Well, this was before this forum, but I did try all kinds of stuff in our old Austroflamm, including, yes, kerosene, and diesel fuel.  ONCE. Picture me using just a teaspoon's worth and then standing right by with an extinguisher handy in case it got out of hand. Most of them, including barbecue starter fluid had very high flameups and sooted the glass up pretty badly. I even tried a little bit of newspaper at one point, but that didn't work well at all. I did NOT try something REALLY stupid like gasoline.  :bug: 

But I did try Isopropyl alcohol. It worked, well, okay. I found it worked better if I took a sealed container and actually soaked the pellets in it. One thing I did use for a long time was little 2" square chunks of firestarter sticks. Those were cheap and easy to find. The gel stuff (like I said before) was only sold in one place and it was really expensive.
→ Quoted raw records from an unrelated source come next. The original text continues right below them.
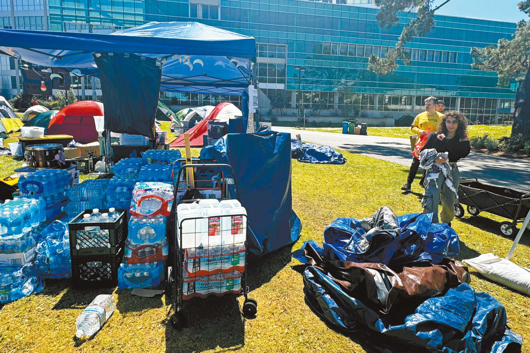 在舊金山州大圖書館前的草地上,親巴勒斯坦學(xué)生的反戰(zhàn)扎營(yíng)規(guī)模大致與上個(gè)星期一樣,約有50個(gè)帳篷,營(yíng)地除設(shè)有物資補(bǔ)給、籌款攤位、公眾演講區(qū)外,幾天前還新增圖書閱讀區(qū)、媒體采訪專區(qū)和死難者悼念專區(qū)等,不斷有熱心民眾為學(xué)生們送上物資,包括毛毯、防潮墊、整理箱、食物和水等。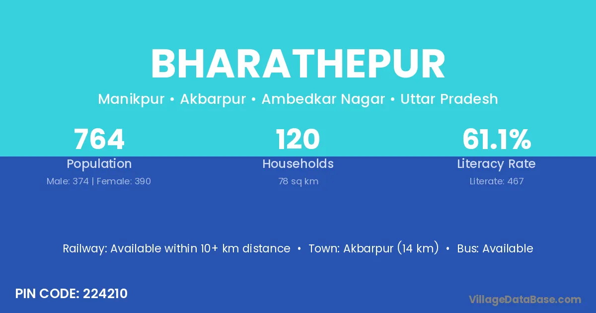 Akbarpur (14 km) is the nearest town to Bharathepur village for major economic activities and is located approximately 14 km away.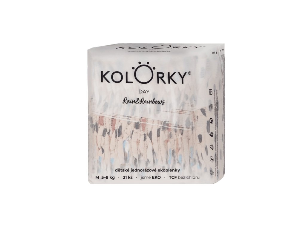 KOLORKY DAY Plienky jednorazové eko, dážď&dúhy M (5-8 kg) 21 ks
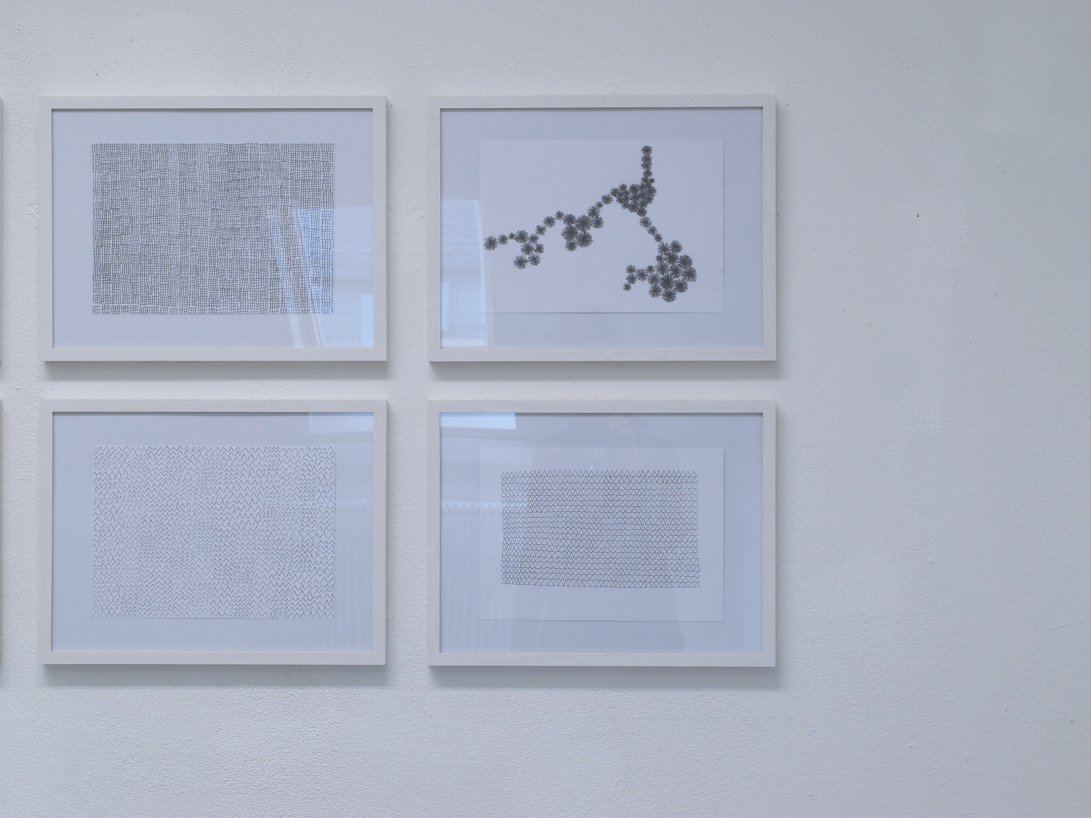 Die Diplomarbeit „Zeichnungen“ besteht aus 29 Zeichnungen. Die Arbeiten sind ohne Titel. Bleistift auf Papier. Sie besteht aus 4 x A4 Hochformat, 16 x A4 Querformat und 9x A3 Querformat. Die Zeichnungen werden in weißen Holzrahmen präsentiert.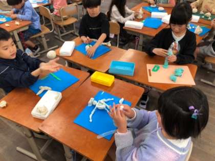 図画工作科の時間には、にぎったねん土の形から思いついた物を作りました。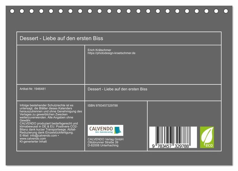 QUALITÄT - Hochwertiger Fotokalender mit 12 wunderschönen Motiven auf lichtbeständigem Bilderdruckpapier, robuste Spiralbindung.NACHHALTIG - deutliche Abfallreduzierung durch bedarfsgerechte Einzelstückfertigung, umweltfreundliches FSC-zertifiziertes Papier, Produktion in Deutschland, klimabewusste Logistik.PERFEKTES GESCHENK - Kalender für Freunde und Familie, für Kinder und Erwachsene, jung und alt, zu Weihnachten, Geburtstag oder zwischendurch.VIELFALT - Bildkalender in verschiedenen Formaten, z.B. DIN A5, DIN A4, DIN A3 sowie DIN A2. Ob Naturmotiv, Gemälde oder Fotos, ideal für ein persönliches Wohlfühlambiente.Verführerische Desserts, kunstvoll angerichtet und fein veredelt von Autor(in): Marion G. Krätschmer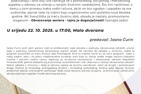 Na ovoj tribini ugostit ćemo Jasnu Čurin, prof. psihologije, prvu voditeljicu našeg Sveučilišta za treću životnu dob koja je zaslužna za njegov nastanak i razvoj.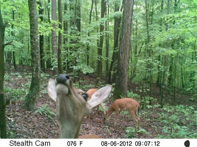 Олень задрал нос и ловит все ароматы леса, а компания на заднем плане продолжает бранч. У каждого свои приоритеты: кто-то ест, кто-то нюхает. Камера же наслаждается натюрмортом из ушей и деревьев.

Speaking specifically to barbecue lighter fluid, it didn't work well because it ran all over inside the stove, and was gone in next to no time. By comparison, the alcohol starter stuff is more persistent. 

But I'll still stick to what proved out best for us - the propane torch. We'd get about a year's worth of use out of a cylinder.


----------



## MCPO (Jul 5, 2008)

I`ve experimented with pellets mixed in a small amount of charcoal lighter fluid in a small (tuna fish) can with holes in the bottom and side placed inside the double doors of  my garage stove and it burned for 20 minutes.  The pellets burned quite evenly.

 The fluid was not explosive or the least bit volatile with regards to a cold start and actually required a match held to the pellets momentarily to ignite however spraying the fluid onto a hot fire would obviously not be the prudent thing to do. 

 It produced only a slight amount of smoke that could possibly create some degree of sooting on the viewing glass , I`m not sure though as I`ve not tested it in the stove but so far it appears to work as good or better than all other methods I`ve tried.

 Stove manufacturers probably choose to include it in their user instructions along with kerosense and other volatile liquids but that might be more to protect themselves from misuse and lawsuits. They must leave room to protect the industry from acquiring a bad name and more regulations.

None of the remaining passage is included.